Я вышел из отеля и несколько секунд стоял, чувствуя, что мир вокруг меня замер. Услужливый шофер осведомился, требуется ли мне такси, и я кивнул. Оказавшись на заднем сиденье желтого автомобиля, попросил доставить меня к ближайшему автопрокату. Там я выбрал неброский серый «Форд», расплатился и, усевшись за руль, отправился в Александрию.

Не думал я, что давно знакомый путь будет таким для меня тяжелым. Нет, пробок не было (часы показывали двенадцать дня), просто то и дело слезы застилали мне глаза. И зачем я все это делаю? Джинджер мне изменяла, хотела выйти за меня замуж только из-за денег, а я, рискуя собственной жизнью, намереваюсь отыскать ее убийц. Может быть, оставить все, как есть?
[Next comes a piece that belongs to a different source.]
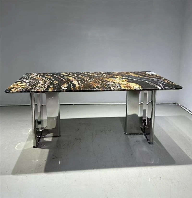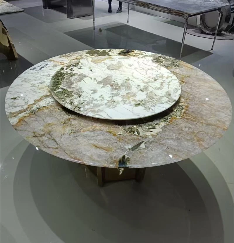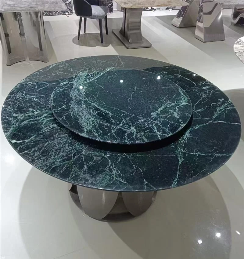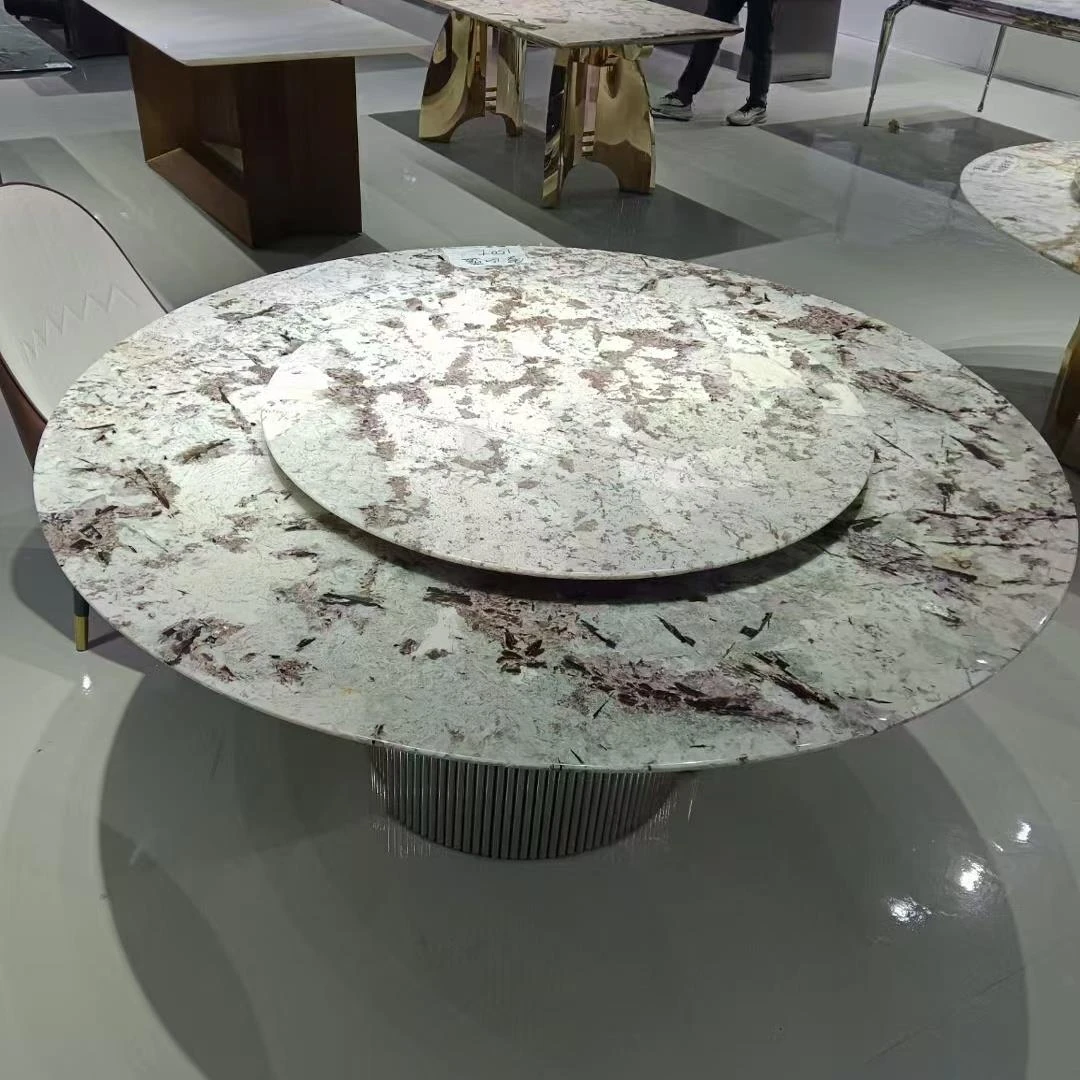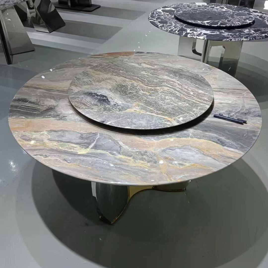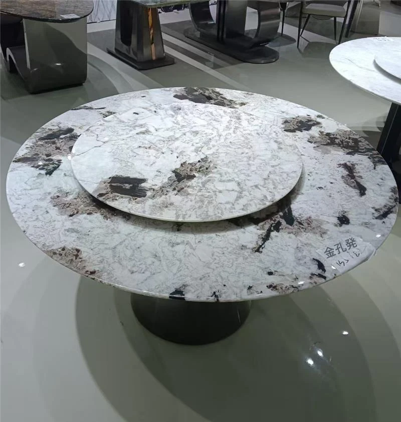 ホテル輸入の高級大理石ダイニングテーブルセット - 天然素材使用のラウンドテーブル、別荘や家庭にぴったりのモダンで上質なデザイン。食事の時間を贅沢に演出します!

Но изменили ли слова телевизионной сплетницы что-то в моих чувствах к Джинджер? Я ведь по-прежнему люблю ее! Поэтому должен осуществить то, что задумал!
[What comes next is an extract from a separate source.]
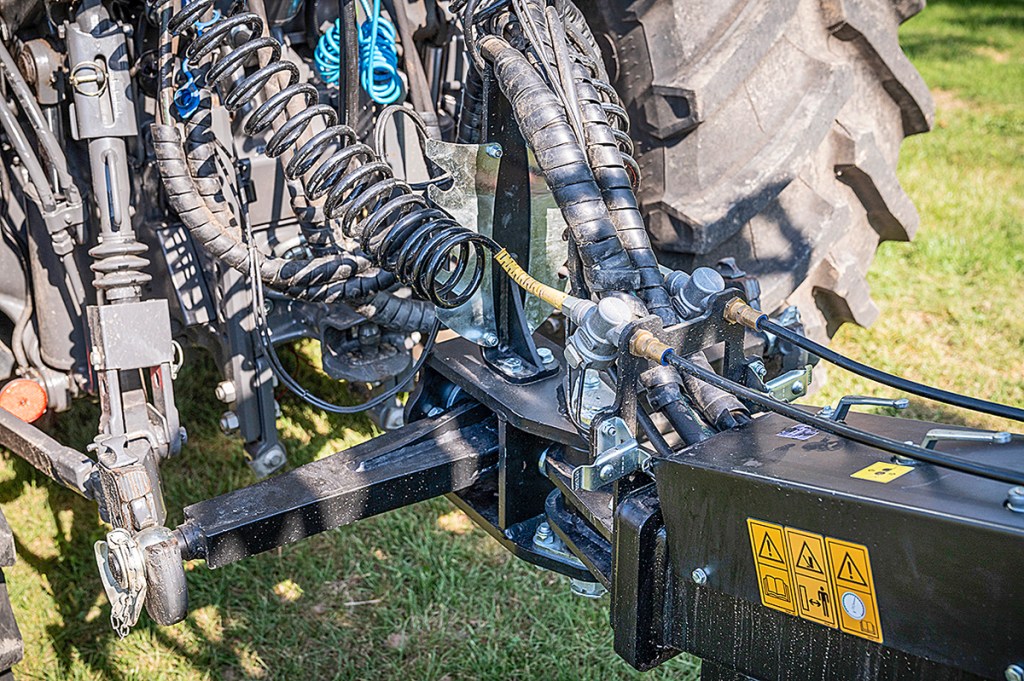 Back to our test and getting hitched up. It uses a Cat III lower link crossbar, but, when it didn’t marry up with our lift arm settings, we got the measuring tape out and found it was slightly wider than it should be. This minor design issue has now been fixed, and the headstock does still let you make tight, 90⁰ turns.

Подъезд к вилле Карлайлов был перегорожен, там до сих пор находилось несколько полицейских машин. Но мне требовалась не вилла. Я пытался вспомнить свои недавние действия. Взгромоздившись на велосипед, отправился вон в ту сторону... Затем выехал на автотрассу, что, конечно, было полным идиотизмом: мне повезло, движение в столь ранний час не было интенсивным и меня не сбили. А дальше... Дальше я крутил педали, думая, что еще немного, и мне удастся уйти от преследования. Вот здесь я почувствовал, что силы мои на исходе, я швырнул мешок в кусты, а еще метров через триста сверзился с велосипеда, и меня арестовали.

Я съехал на обочину и заглушил мотор. Если не ошибаюсь, мешок я выкинул где-то здесь. А что, если его уже кто-то нашел? Значит, тогда мне остается вернуться обратно в Вашингтон, сдать автомобиль и забыть обо всем, как о страшном сне. Обо всем, в том числе и о Джинджер!

Под моей ногой что-то звякнуло, и я, нагнувшись, увидел черную непромокаемую ткань – мешок, походивший на большую кучу нечистот, лежал прямо под моей правой ногой. Я поднял его, заглянул внутрь: так и есть, похоже, все на месте – железяки и документы. Теперь у меня есть две возможности: вручить мешок полиции или ФБР, или... или не отдавать. Если отдам улику, то она, скорее всего, исчезнет навсегда: кто-то позаботится, чтобы правда не была раскрыта. Значит, надо оставить мешок у себя.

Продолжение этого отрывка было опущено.